*** Begin section ***

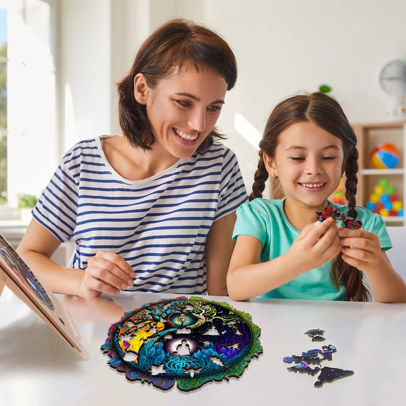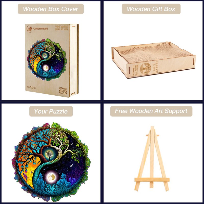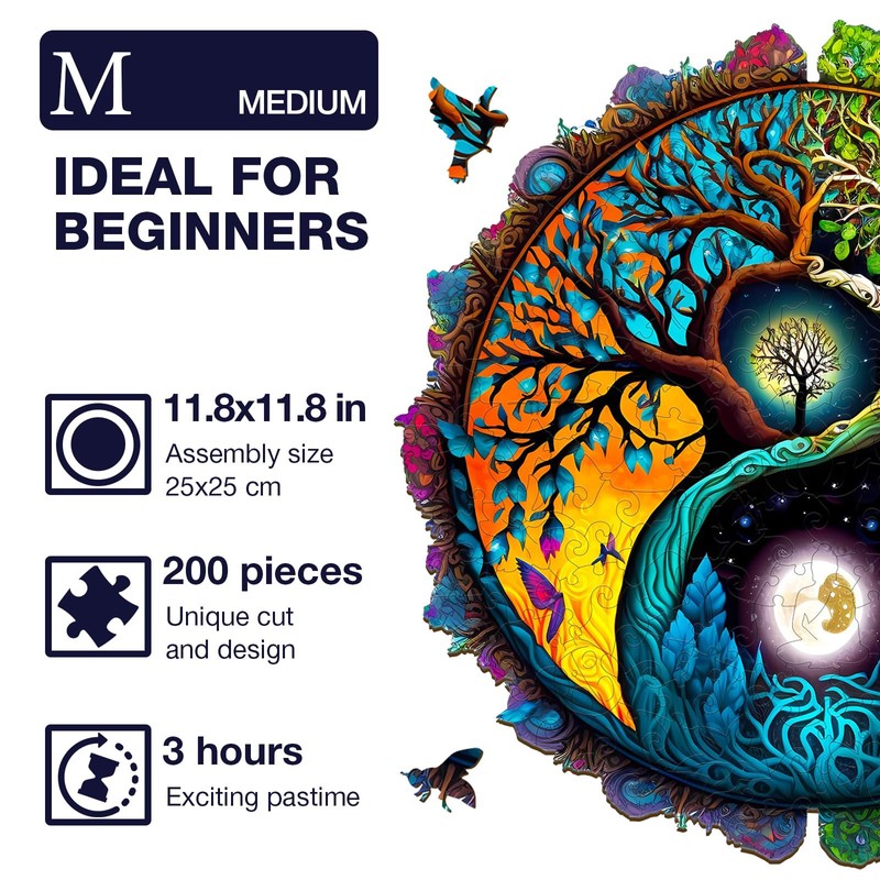 - [Unique Wood puzzle] 200 pieces yinyang sacred tree shaped design puzzle for adults, rich in colors and shapes for all challenge-ready puzzlers; With a finished size of 11.8" x 11.8", this difficult puzzle for adults has 20 small uniquely-shaped pieces for hours of brainstorming fun, and impressive wall decoration as the outcome
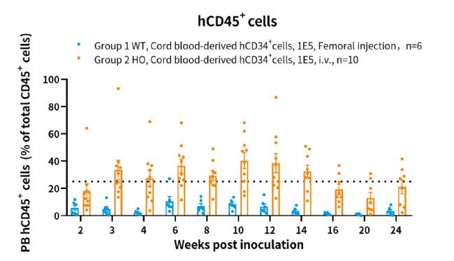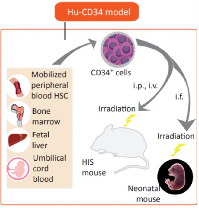 HSC(CD34+)模型是目前臨床前應(yīng)用的一類重要的免疫系統(tǒng)人源化小鼠模型,通過將人CD34+造血干細(xì)胞(HSC)由腹腔或者尾靜脈注入免疫缺陷小鼠,可以實(shí)現(xiàn)了人類免疫系統(tǒng)的重建。
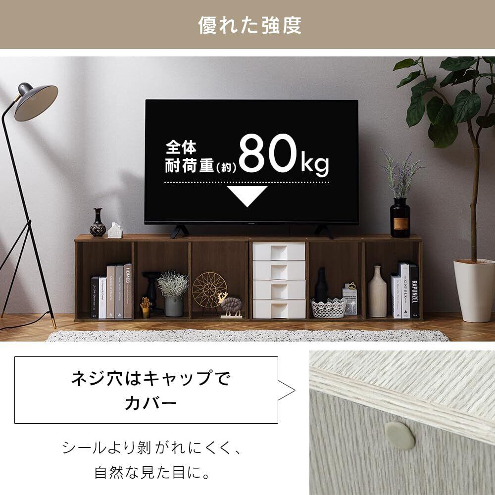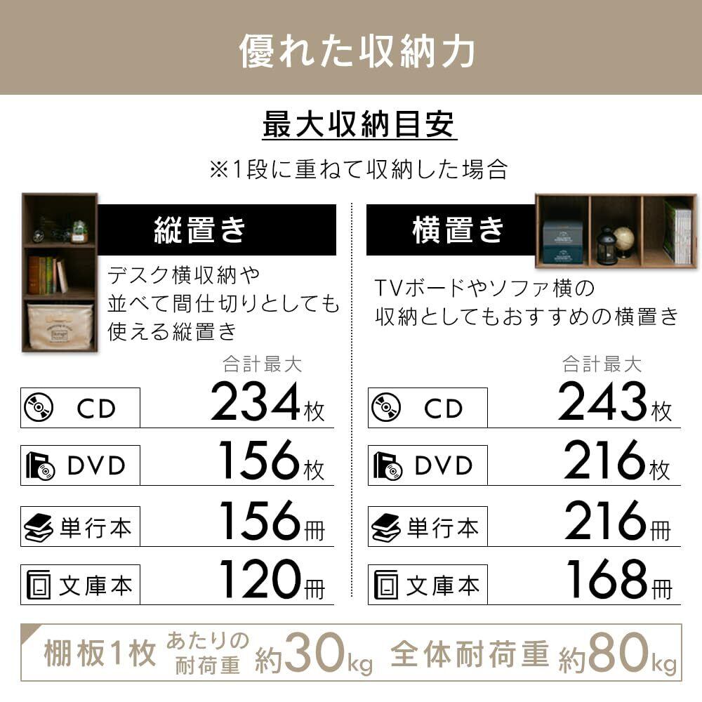 各棚板にはパーティクルボードの1枚板を使用しており、しっかりとした造りが特徴です。全体の耐荷重は約80kgと高く、毎日使う収納家具として、耐久性と安定感に優れています。

*** End section ***

▶ **Task prompt**
Would you output, word for word, only the lines running from the line with "HSC(CD34+)模型是目" to the end of the listing above, both ends included, with no pictures?

▶ **Reply**
 HSC(CD34+)模型是目前臨床前應(yīng)用的一類重要的免疫系統(tǒng)人源化小鼠模型,通過將人CD34+造血干細(xì)胞(HSC)由腹腔或者尾靜脈注入免疫缺陷小鼠,可以實(shí)現(xiàn)了人類免疫系統(tǒng)的重建。
 各棚板にはパーティクルボードの1枚板を使用しており、しっかりとした造りが特徴です。全体の耐荷重は約80kgと高く、毎日使う収納家具として、耐久性と安定感に優れています。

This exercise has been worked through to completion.